Seventy years ago this month, the October 1952 issue of the British Wireless World carried this illustration showing possible methods of linking American and European television. The diagram had actually first appeared two months earlier in the August 1952 issue of Tele-Tech as part of an open letter to the President of the United States (which would have been Harry S Truman) imploring action on TV networking with Europe and South America. According to the magazine, American homes would be able to view the great events of Europe, live, but “the underprivileged of Europe can be shown the wonderful richness of life in America.”
The diagram showed the potential methods, the first of which being an “airplane-relay between a dozen or more express planes continuously flying a regular route across the ocean,” presumably carrying 16-mm film.

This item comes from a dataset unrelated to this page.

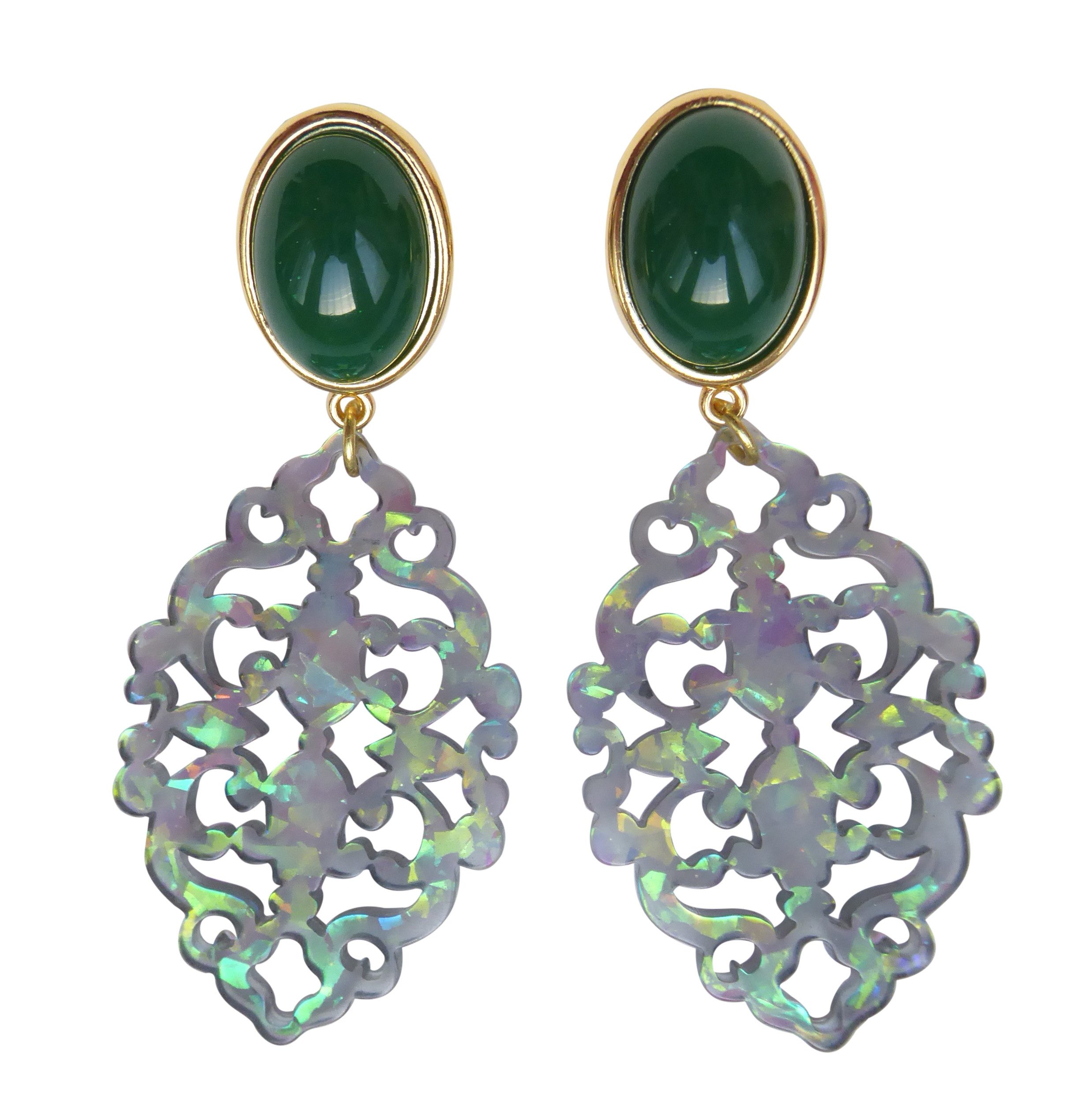 Leuchtende, opulente Ohr-Clips von JustWin mit einem ovalen Stein in einem kräftigen Smaragdgrün und einem verspielt geschnitzten Anhänger, der je nach Lichteinfall phosphorisierend in verschiedenen Farben (grün, lila, gelb und beige) glänzt. Der Stein und der Anhänger bestehen aus Acryl, so dass die Ohrringe extrem leicht sind. Bei dem Material der Ohrringe handelt es sich um eine antiallergische Metalllegierung mit einer Gelbvergoldung. Durch ihre Размер wirken die Clips besonders eindrucksvoll. Farbe und Form erinnern an spanische Flamenco-Tänzerinnen! Hinter dem Label „JustWin“ stehen die beiden Designer Kurt Justmann und Paul Winter, die Schmuck für Frauen entwerfen, die voluminöse Designs lieben. Die extravaganten, handgearbeiteten Kreationen spielen mit auffälligen Farben, Formen und Oberflächen. Der hochwertige Modeschmuck ist bereits auf der Titelseite der deutschen VOGUE zu bewundern gewesen und erscheint regelmäßig in der Presse. Liebhaberinnen von Statement-Stücken werden bei JustWin nicht widerstehen können! Maße der Ohrringe: Höhe: 7,5 cm, Breite Anhänger: 3,2 cm.

The next idea was Stratovision, the use of a string of aircraft aloft, each relaying the signal to the next plane. As we previously showed, this system was tested, and even used to a certain extent, in the United States. But doing it over the Atlantic would require a set of aircraft carriers on which the planes could land, which would likely make the idea much less feasible.
The next idea was a string of VHF relay stations through Labrador, Baffin Island, Greenland, Iceland, the Faeroe Islands, and the Shetland Islands. The longest link would be 290 miles, meaning that the idea might be feasible. If this idea sounds familiar, it’s because it’s similar to one we talked about earlier, one proposed by David Sarnoff in 1951, although his plan envisioned the link going the other way, over the Bering Strait. Other ideas included a submarine coaxial cable, or scatter transmission, essentially the use of brute force to propagate VHF signals over the horizon. It also mentioned “miscellaneous marginal proposals,” such as use of moon reflections, which of course depended on the moon being visible over both continents, which would happen for about five hours per day.
One of the first transatlantic broadcasts was the coronation of Queen Elizabeth the following year. It was first seen on American television courtesy of 16-mm film flown by the RAF to Gander, Newfoundland, to the CBC, which was then picked up by American networks. The first live transatlantic broadcast didn’t take place until 1962, and it relied upon a method not anticipated by the 1952 article, namely, the use of the Telstar 1 satellite. While Telstar was the first transatlantic use of satellite, it should be pointed out that it wasn’t the first television transmission by satellite. Those honors go to Echo 1, which successfully relayed signals via a passive reflector between the east and west coasts of the U.S.